Alcides Vieira considera que acontecimentos como as execuções dos jornalistas James Foley, Steven Sotloff e David Haines, gravadas para serem difundidas por todo o mundo, “têm relevância jornalística. São momentos que não podem ser ignorados”. Mas, sendo matéria muito sensível, “tem de ser tratada de acordo com todas as regras éticas e deontológicas, tal como acontece na cobertura das guerras”. 

Refira-se que a decisão da RTP, segundo disse ao SOL José Manuel Portugal, o seu director de Informação, tem a ver com o facto de a estação pública não ser “conivente com esta forma de terror que atenta contra os direitos humanos”: “Como estação de serviço público, temos de dar o exemplo. Não precisamos de mostrar 'aquilo'“. Nos vídeos da execução, o jihadista que surge de cara tapada ameaça voltar a matar mais jornalistas se os Estados Unidos mantiverem o apoio de acções militares no território reivindicado pelo EI. 

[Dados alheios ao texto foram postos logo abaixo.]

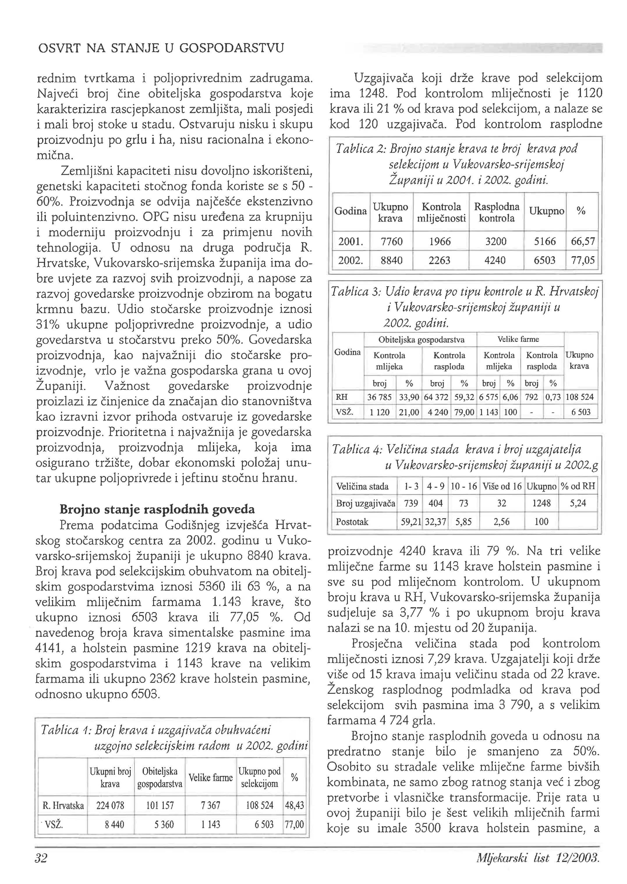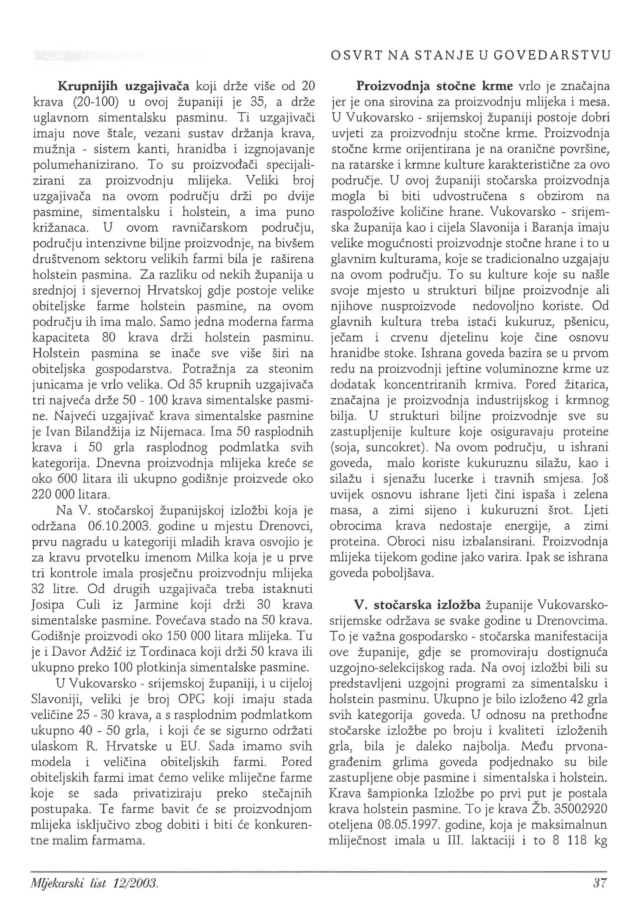 Stanje govedarske proizvodnje u Vukovarska - srijemskojžupaniji

Joaquim Vieira, presidente do Observatório da Imprensa – uma associação privada sem fins lucrativos, criada há 20 anos para o estudo do sector e a promoção boas práticas jornalísticas – considera tratar-se de um tema complexo. Defende, no entanto, que “deve ser uma opção editorial de cada órgão de informação”. O jornalista e autor de vários ensaios históricos adianta, no entanto, que se fosse director de um órgão de informação “não publicaria ou transmitiria o vídeo” por achá-lo “extremamente violento”, dando a notícia acompanhada de outras imagens, uma posição semelhante à tomada pela RTP.

“Quem quiser ver o vídeo pode fazê-lo online”, sustenta. Para Joaquim Vieira, o tema carece de reflexão porque há um duplo sentido: “É verdade que elas servem a propaganda do Estado Islâmico mas também é verdade que alimentam a revolta contra estes radicais”. 

Caso a caso

José Alberto Carvalho recorda a “extrema violência das imagens do 11 de Setembro”, tal como outras sobre vários conflitos ao longo do século XX, “mas que se tornaram icónicas e, de certa forma, fizeram com que a verdade surgisse à opinião pública. É impossível higienizar o que se passa à nossa volta”. José Alberto Carvalho adiantou ainda que a TVI teve acesso ao vídeo completo da decapitação de James Foley e assevera: “Nunca nos passou pela cabeça transmitir, como é óbvio. Seria impensável. Não podemos é tomar posições de princípio. Cada caso deve ser analisado friamente”.